▸ **Exercise directions**
Word for word, return each entry that follows, with every image removed.
━━━ Data for this task ━━━
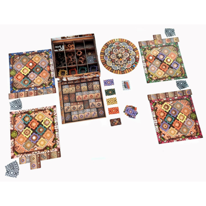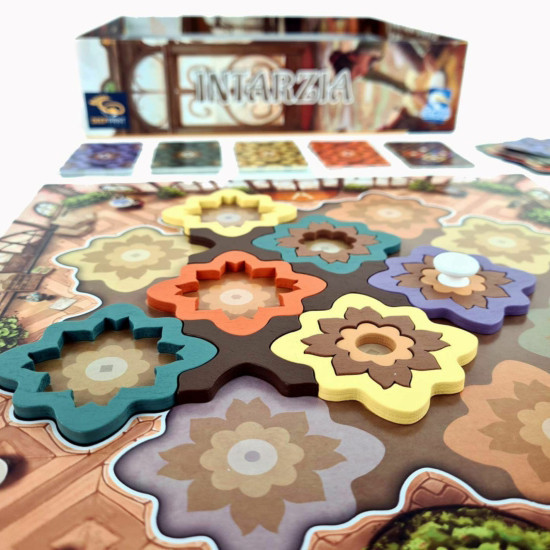 Az Intarzia Michael Kiesling, az Azul tervezőjének legújabb családi társasjátéka, ahol versenybe szállhattok, hogy ki készít el egy látványosabb (és persze pontban értékesebb) intarziás padlót a híres Café de Paris számára.
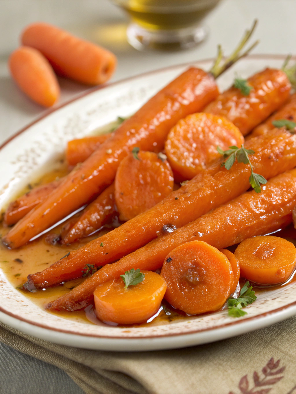 These vibrant orange carrots become irresistible when coated with the shimmering apricot glaze, creating a perfect balance of savory and sweet flavors that dance on your palate.
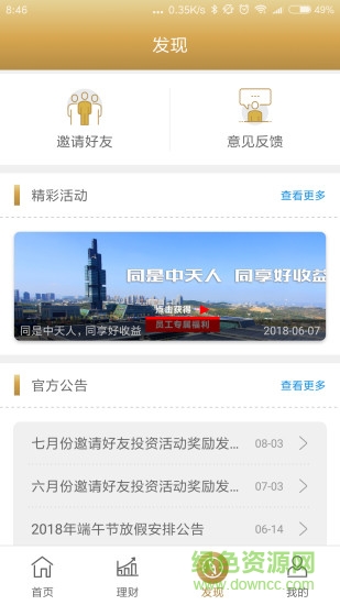 金黔理财app是中黔金交官方唯一移动互联网理财平台,让投资者能够随时随地享受优质资产证券化开启的互联网理财时代,让您的财富更安全、便捷的增值,这里有着非常是欧尼的功能,通过它可以给用户带来一个有着一切安全的理财体验,官方公告实时更新,精彩活动在线查看,超多理财产品任你选择,投资门槛低收益稳健,平台交易安全有保障,欢迎来下载!
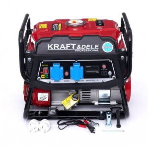 Przenośny agregat prądotwórczy jednofazowy o oznaczeniu KD150 marki Kraft&Dele przeznaczony jest do generowania prądu zmiennego 220V-230V za pomocą silnika spalinowego japońskiej konstrukcji OHV 4-suwowego o mocy 3KM oraz mocy maksymalnej prądnicy 1500W.
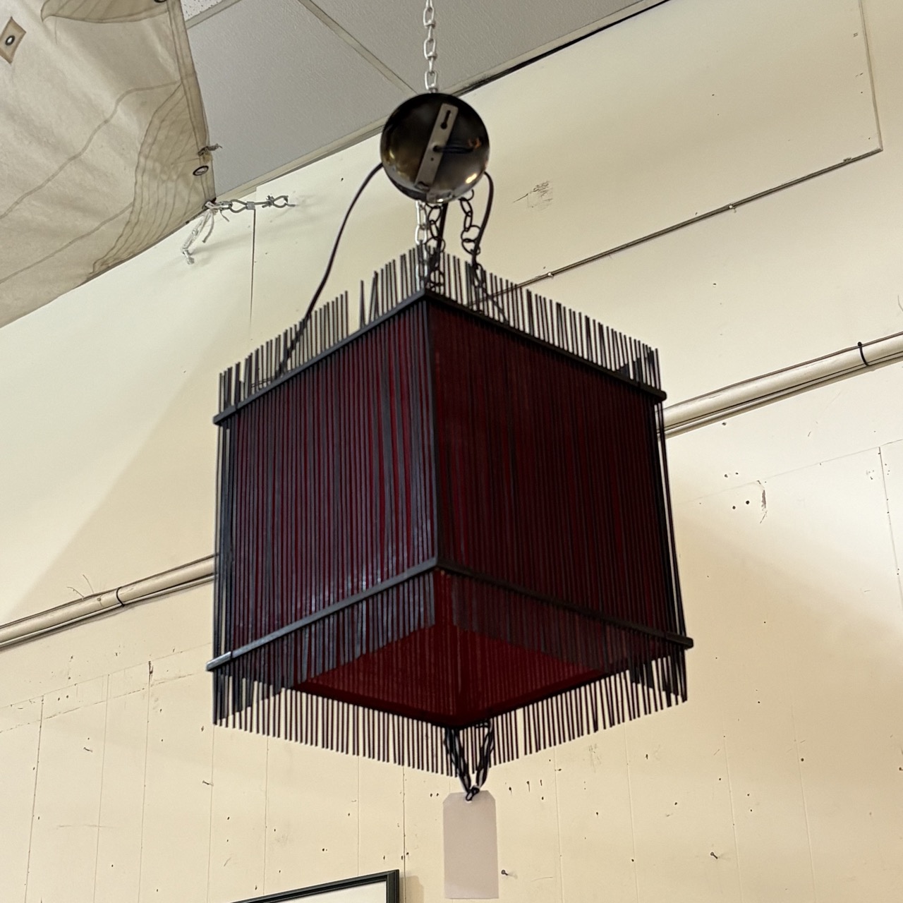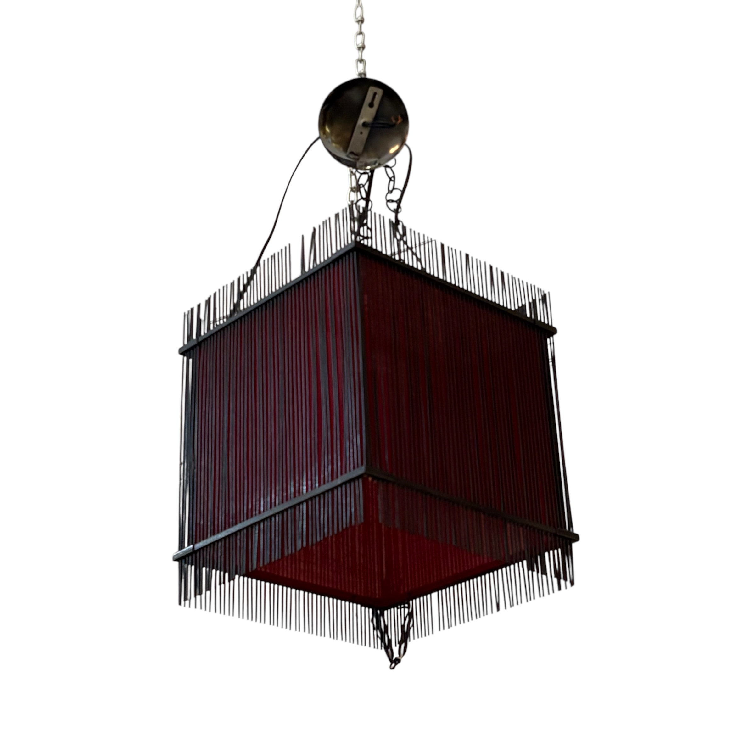 - Red lampshade with black wooden sticks
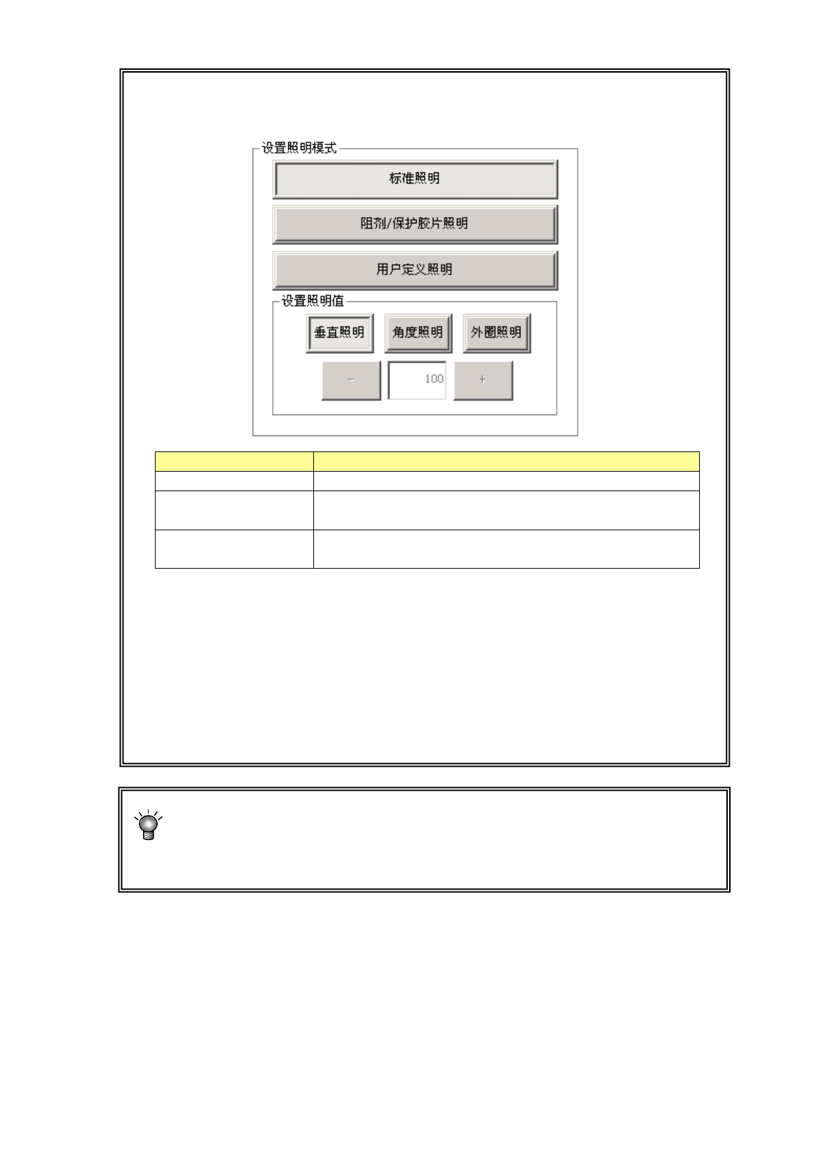※选择用户定义照明模式时,一般设置在50~200之间。设置50 以下时,
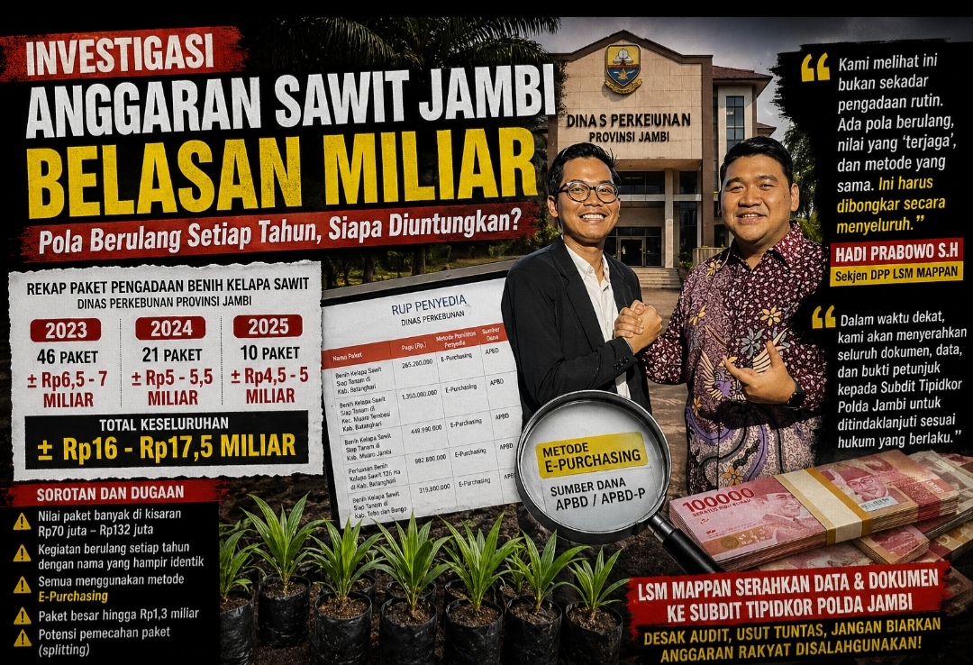 “Dalam waktu dekat, kami akan menyerahkan seluruh dokumen, data, serta bukti petunjuk yang kami miliki kepada Subdit Tipidkor Polda Jambi untuk ditindaklanjuti sesuai hukum yang berlaku,” tegasnya.
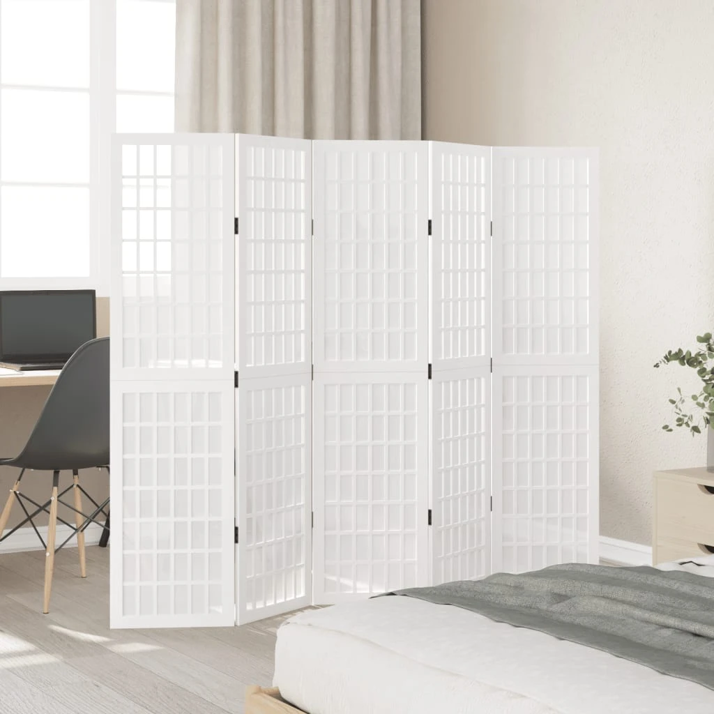 vidaXL Kambario pertvara, 5 segmentai, balta, paulovnijos masyvas
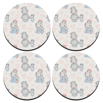 Hippo, SET of 4 round wooden coasters (9cm)
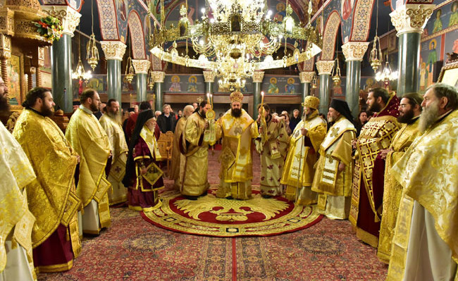 Της Πανηγυρικής Αρχιερατικής Θείας Λειτουργίας προεξήρχε ο Σεβασμιώτατος Μητροπολίτης Τρίκκης και Σταγών κ.κ. Χρυσόστομος, ο οποίος χοροστάτησε και του Όρθρου, συλειτουργούντων του Σεβασμιωτάτου Μητροπολίτου Λαγκαδά, Λητής και Ρεντίνης και των Θεοφιλεστάτων Επισκόπων Θεουπόλεως κ.κ. Παντελεήμονος και Αμορίου κ.κ. Νικηφόρου.
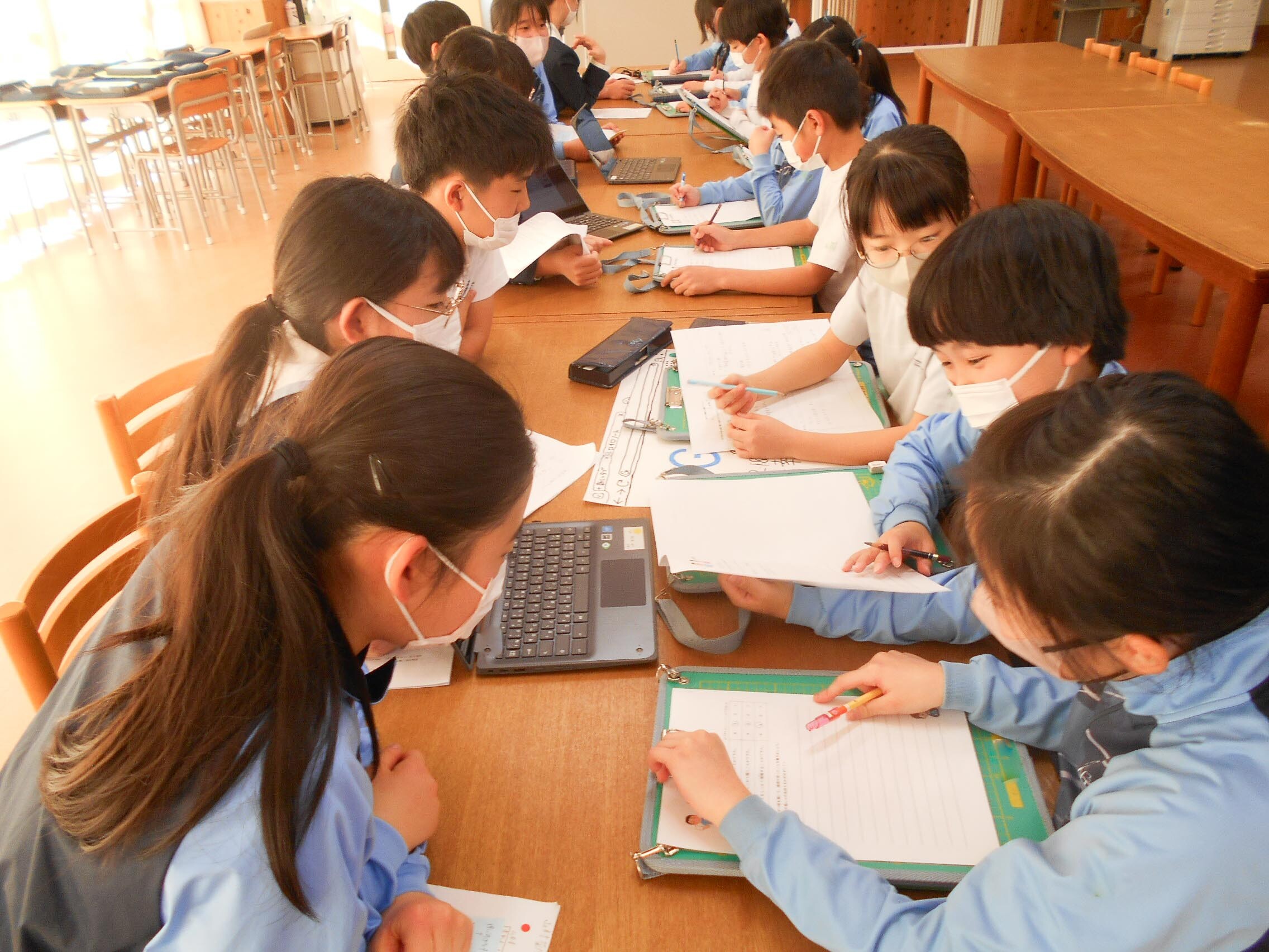 M2生(6年生)がP3生(3年生)に情報モラルについて調べたり学んだりしたことを伝える授業をしました。
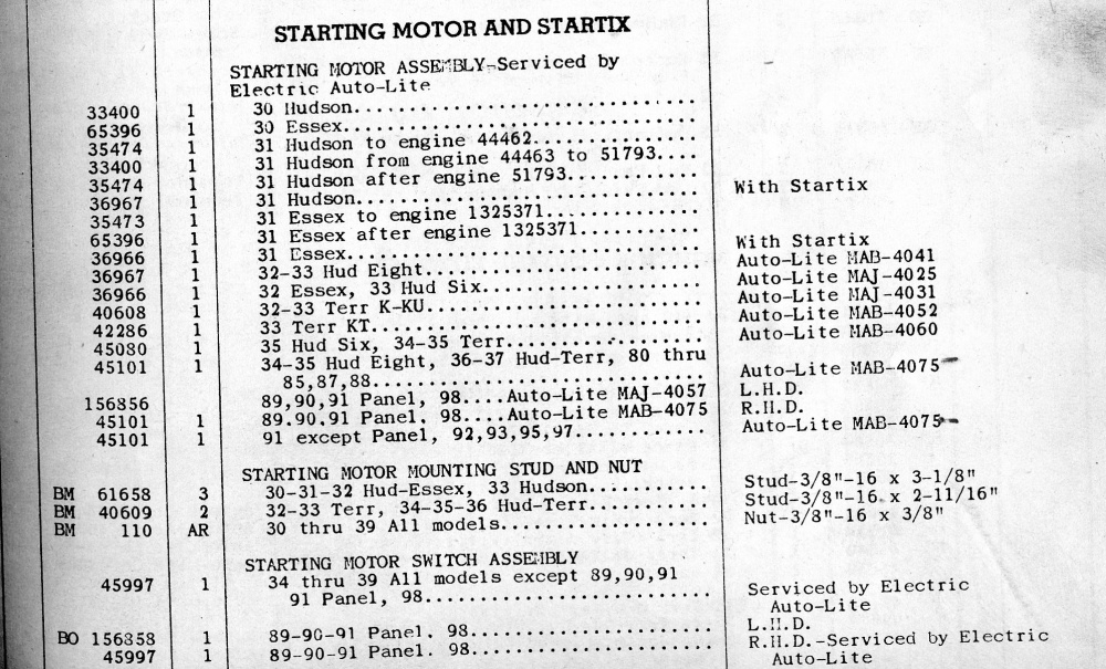 You can also find some starter listings on a Hudson factory bulletin found at
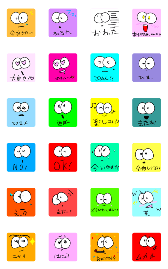 10歳の娘が描いたくりくりおめめちゃんのスタンプです。日常に使えます。
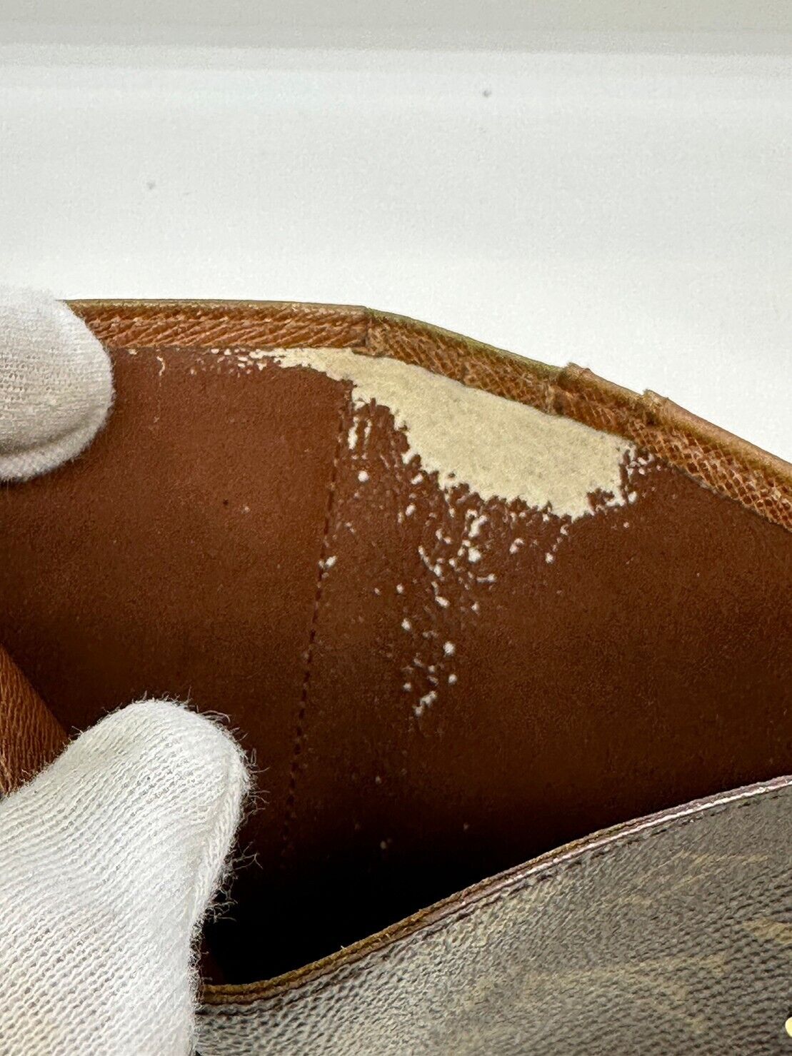 (Inside) There are peeling, stains, and scuffs on the leather.
━━━
▸ **Answer section**
 Az Intarzia Michael Kiesling, az Azul tervezőjének legújabb családi társasjátéka, ahol versenybe szállhattok, hogy ki készít el egy látványosabb (és persze pontban értékesebb) intarziás padlót a híres Café de Paris számára.
 These vibrant orange carrots become irresistible when coated with the shimmering apricot glaze, creating a perfect balance of savory and sweet flavors that dance on your palate.
 金黔理财app是中黔金交官方唯一移动互联网理财平台,让投资者能够随时随地享受优质资产证券化开启的互联网理财时代,让您的财富更安全、便捷的增值,这里有着非常是欧尼的功能,通过它可以给用户带来一个有着一切安全的理财体验,官方公告实时更新,精彩活动在线查看,超多理财产品任你选择,投资门槛低收益稳健,平台交易安全有保障,欢迎来下载!
 Przenośny agregat prądotwórczy jednofazowy o oznaczeniu KD150 marki Kraft&Dele przeznaczony jest do generowania prądu zmiennego 220V-230V za pomocą silnika spalinowego japońskiej konstrukcji OHV 4-suwowego o mocy 3KM oraz mocy maksymalnej prądnicy 1500W.
 - Red lampshade with black wooden sticks
※选择用户定义照明模式时,一般设置在50~200之间。设置50 以下时,
 “Dalam waktu dekat, kami akan menyerahkan seluruh dokumen, data, serta bukti petunjuk yang kami miliki kepada Subdit Tipidkor Polda Jambi untuk ditindaklanjuti sesuai hukum yang berlaku,” tegasnya.
 vidaXL Kambario pertvara, 5 segmentai, balta, paulovnijos masyvas
 Hippo, SET of 4 round wooden coasters (9cm)
 Της Πανηγυρικής Αρχιερατικής Θείας Λειτουργίας προεξήρχε ο Σεβασμιώτατος Μητροπολίτης Τρίκκης και Σταγών κ.κ. Χρυσόστομος, ο οποίος χοροστάτησε και του Όρθρου, συλειτουργούντων του Σεβασμιωτάτου Μητροπολίτου Λαγκαδά, Λητής και Ρεντίνης και των Θεοφιλεστάτων Επισκόπων Θεουπόλεως κ.κ. Παντελεήμονος και Αμορίου κ.κ. Νικηφόρου.
 M2生(6年生)がP3生(3年生)に情報モラルについて調べたり学んだりしたことを伝える授業をしました。
 You can also find some starter listings on a Hudson factory bulletin found at
 10歳の娘が描いたくりくりおめめちゃんのスタンプです。日常に使えます。
 (Inside) There are peeling, stains, and scuffs on the leather.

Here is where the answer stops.